Assignment >>
The listing below is to be written out word for word, minus its images.

Data extract >>

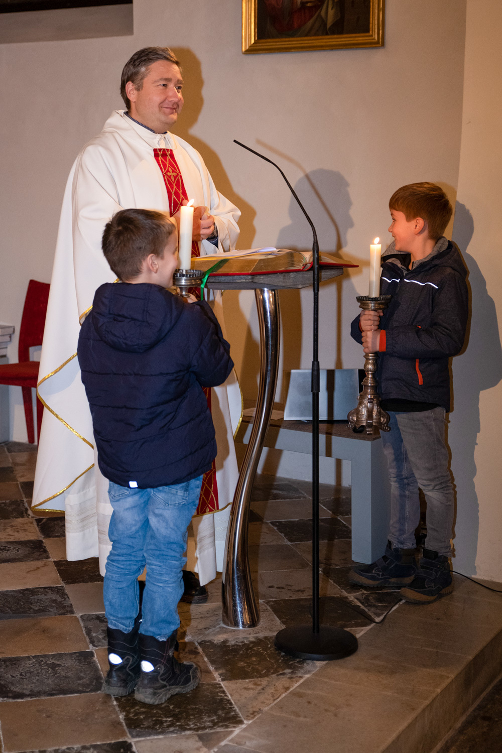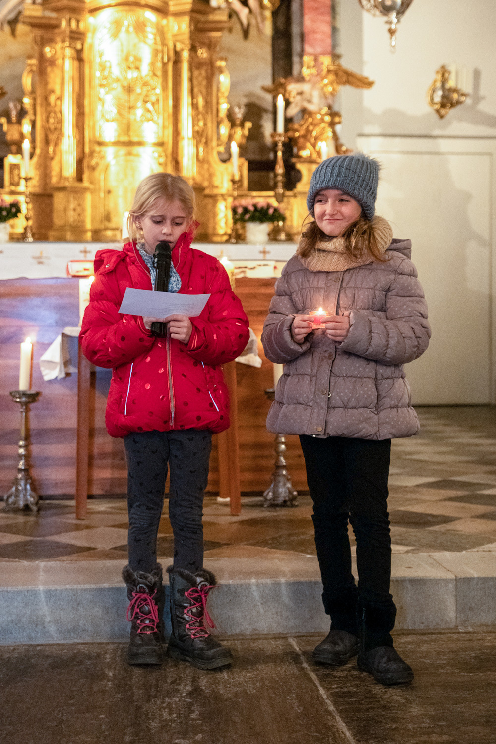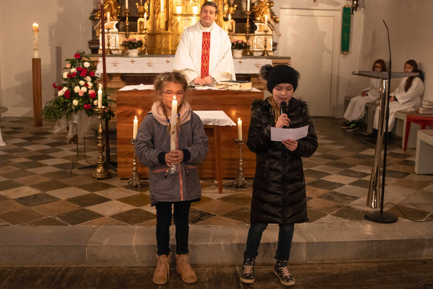 Die Kinder spielten die bekannte Bibelstelle aus Lukas 2,22–40, wo Maria und Josef mit dem kleinen Jesus in den Tempel kommen, das Kind Gott weihen.
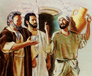Ερώτηση. Ποιός είναι, κατά το Ευαγγέλιο, αυτός που βαστάζει, μέσα στην πόλη, το κεράμιο του ύδατος, και γιατί ύδατος, με τον οποίο οι μαθητές που στέλνονται από τον Χριστό συναντώνται και διατάζονται να τον ακολουθούν; Ποιός είναι ο οικοδεσπότης; Και γιατί οι Ευαγγελιστές δεν αναφέρουν το όνομά του; Ποιο είναι το ανώγαιο το μεγάλο, όπου έχει στρωθεί τραπέζι και στο οποίο τελείται το φρικτό μυστήριο του Θείου Δείπνου; Απάντηση. Όχι μόνο του ανθρώπου το όνομα δεν αναφέρει η Γραφή, προς τον οποίο έστειλε ο Χριστός τους δύο μαθητές για να ετοιμάσουν το Πάσχα, αλλά και της πόλης στην οποία στάλθηκαν. Έτσι, σε μια πρώτη ερμηνευτική προσπάθεια, νομίζω ότι με την πόλη δηλώνεται ο αισθητός κόσμος, ενώ ο άνθρωπος συμβολίζει γενικά το ...
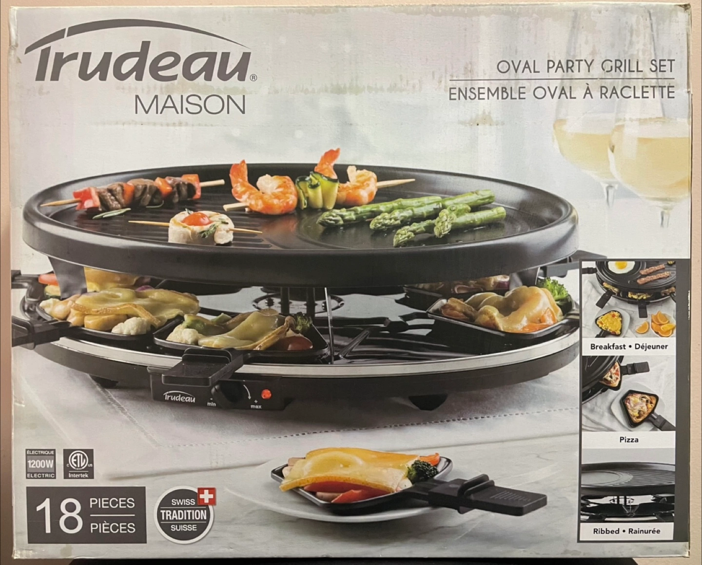 Oval raclette party grill set with 8 multiple raclette trays and wood scrapers. Perfect for a quiet night in with friends.

Task result >>
 Die Kinder spielten die bekannte Bibelstelle aus Lukas 2,22–40, wo Maria und Josef mit dem kleinen Jesus in den Tempel kommen, das Kind Gott weihen.
Ερώτηση. Ποιός είναι, κατά το Ευαγγέλιο, αυτός που βαστάζει, μέσα στην πόλη, το κεράμιο του ύδατος, και γιατί ύδατος, με τον οποίο οι μαθητές που στέλνονται από τον Χριστό συναντώνται και διατάζονται να τον ακολουθούν; Ποιός είναι ο οικοδεσπότης; Και γιατί οι Ευαγγελιστές δεν αναφέρουν το όνομά του; Ποιο είναι το ανώγαιο το μεγάλο, όπου έχει στρωθεί τραπέζι και στο οποίο τελείται το φρικτό μυστήριο του Θείου Δείπνου; Απάντηση. Όχι μόνο του ανθρώπου το όνομα δεν αναφέρει η Γραφή, προς τον οποίο έστειλε ο Χριστός τους δύο μαθητές για να ετοιμάσουν το Πάσχα, αλλά και της πόλης στην οποία στάλθηκαν. Έτσι, σε μια πρώτη ερμηνευτική προσπάθεια, νομίζω ότι με την πόλη δηλώνεται ο αισθητός κόσμος, ενώ ο άνθρωπος συμβολίζει γενικά το ...
 Oval raclette party grill set with 8 multiple raclette trays and wood scrapers. Perfect for a quiet night in with friends.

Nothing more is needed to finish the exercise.